In the end, Bednarczyk probably handled it as well as could be expected, performing admirably in some spots (like when he spearheaded a late comeback against rival Delaware just after Robertson got hurt) and poorly in others (like when Penn upset Villanova for the first time in a century the very next week).

But now, after getting almost a full year of experience under his belt, Villanova head coach Andy Talley is expecting Bednarczyk to become a better, smarter player — and, most of all, someone who can lead the Wildcats into the FCS playoffs in Talley’s final season.

“I think the thing that he did last year was that he was a little bit of a gun-slinger,” Talley said. “He threw the ball around a little bit. Now he’s more judicious with where he throws the football, his outlet receivers. He’s not trying to gun the ball in all of the time and make a play.”
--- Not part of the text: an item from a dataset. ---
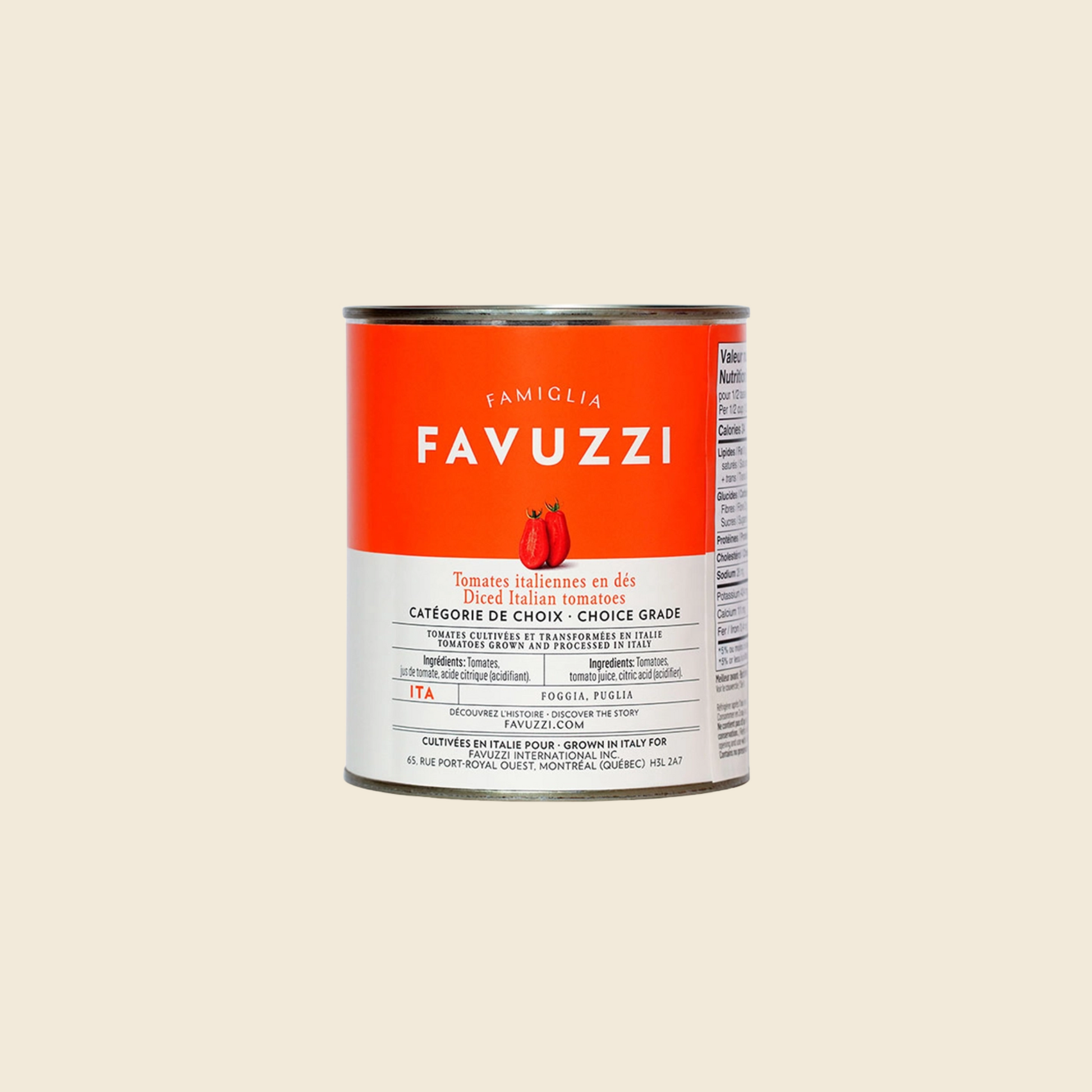 - Our diced Italian tomatoes are packed in a velvety coulis (twice as thick as commercial canned tomato brands). They have firm flesh and moderate acidity to let their delicious taste fully shine.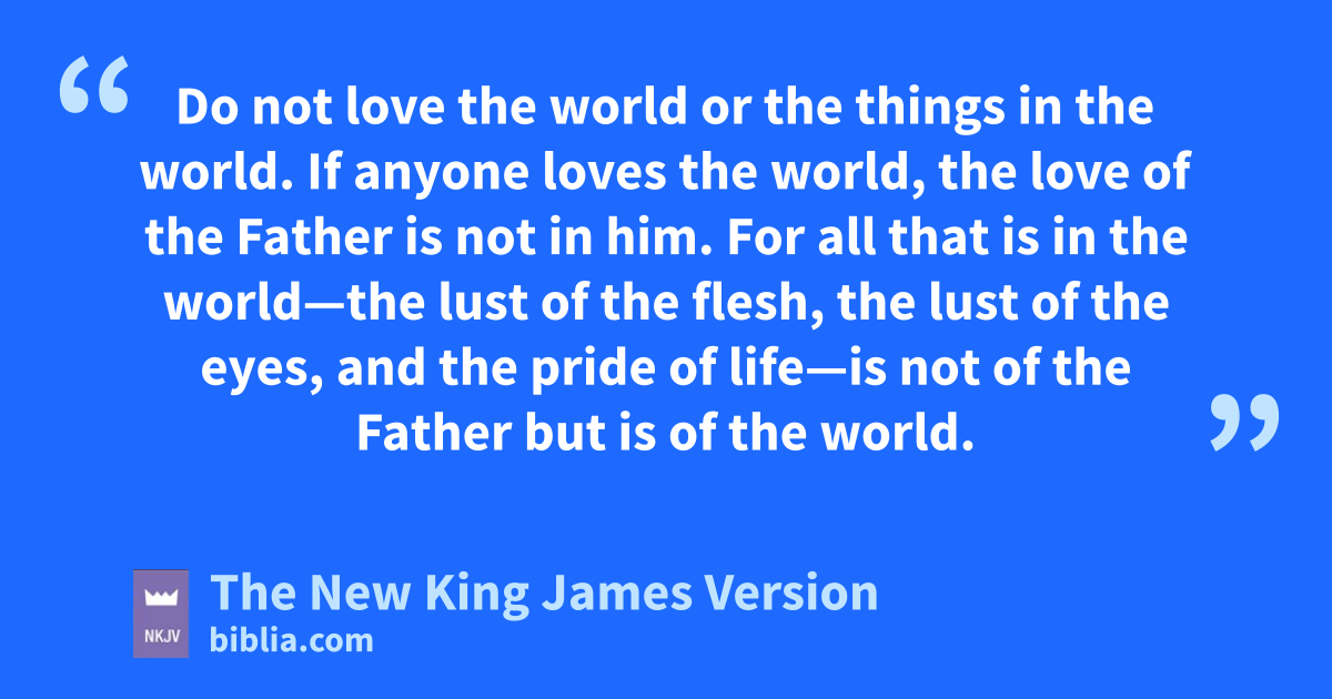 15 vDo not love the world or the things in the world. wIf anyone loves the world, the love of the Father is not in him. 16 For all that is in the world—the lust of the flesh, xthe lust of the eyes, and the pride of life—is not of the Father but is of the world. 17 And ythe world is passing away, and the lust of it; but he who does the will of God abides forever.

While Talley would certainly like his QB to cut down on some mistakes — he threw seven interceptions last season — he does appreciate that Bednarczyk possesses some of the same playmaking skills that made Robertson such a star at ’Nova, including the ability to gain yards on the ground.

In his first season last year, Bednarczyk led the Wildcats in rushing with 515 yards and five touchdowns while throwing for 1,396 yards and 10 touchdowns en route to nabbing CAA co-Offensive Rookie of the Year honors.

This season, which begins for Villanova Saturday at Pittsburgh, Talley hopes he can match those running totals while becoming a 2,000-yard passer with fewer interceptions.

“Last year he was rookie of the year in the CAA but he really could have been an all-league player if he didn’t throw the ball in some bad spots,” Talley said. “I think he learned the hard way by having the ball go against him. In the last game of the year, we had a chance to tie for the championship and go to the playoffs if we had beaten JMU. And he threw two picks that went back for touchdowns. So he’s sort of learned his craft the hard way.”

That season-ending loss to James Madison still stings for the Wildcats, who finished with a 6-5 overall record and missed out on qualifying for the FCS playoffs for just the third time in eight years.

That’s something they hope to reverse in 2016 under the growing leadership of Bednarczyk, who agrees with his coach that he needs to become a smarter player.

“Last year I definitely took too many risks,” the sophomore QB said. “This year, although I still want to throw the ball around because that’s my strong suit, I definitely don’t want to force anything. I’ll try to cut back on my turnovers. If it looks like it’s too tight of a window to squeeze it this year, I’ll just tuck it and run.”

Bednarczyk will certainly need to be poised in the pocket with Talley admitting that the Wildcats aren’t as deep at receiver as they’ve been in years past. 

At the same time, he may not have to put too many points on the board, considering how good Villanova’s defense can be. Although the unit graduated star linebacker Don Cherry, who’s been in preseason camp with the Eagles, they still boast a veteran unit that includes linebacker Austin Calitro and defensive end Tanoh Kpassagnon.

Kpassagnon, a 6-foot-7, 290-pound NFL prospect, is an especially intriguing player for the Wildcats.

“I think all the pro teams have been through to see him,” Talley said. “He can run. He’s tough. He diagnoses well. He’s in our business school, so he’s smart as can be. And he carries that over to the field.”

Kpassagnon, who was named to the CAA preseason all-conference team, is excited for his senior season but admitted that helping the Wildcats rise to the top of a loaded league won’t be easy. Villanova, which opens league play Sept. 17 vs. Towson, was picked fourth behind Richmond, William & Mary and James Madison.

“There’s no dropoff in competition throughout the CAA,” Kpassagnon said. “In some other leagues, there are a couple of teams that you know will obviously win the conference. But with ours, you never know.”

Of course, Villanova has aspirations beyond just winning the league. As always, the Wildcats — who check in at No. 23 in the STATS preseason Top 25 — will look to make a deep run in the FCS playoffs and, perhaps, try to send Talley out with his second national title.

“The goal is definitely a national championship,” Kpassagnon said. “We all believe we can do it. It’s something we have in the back of our heads.”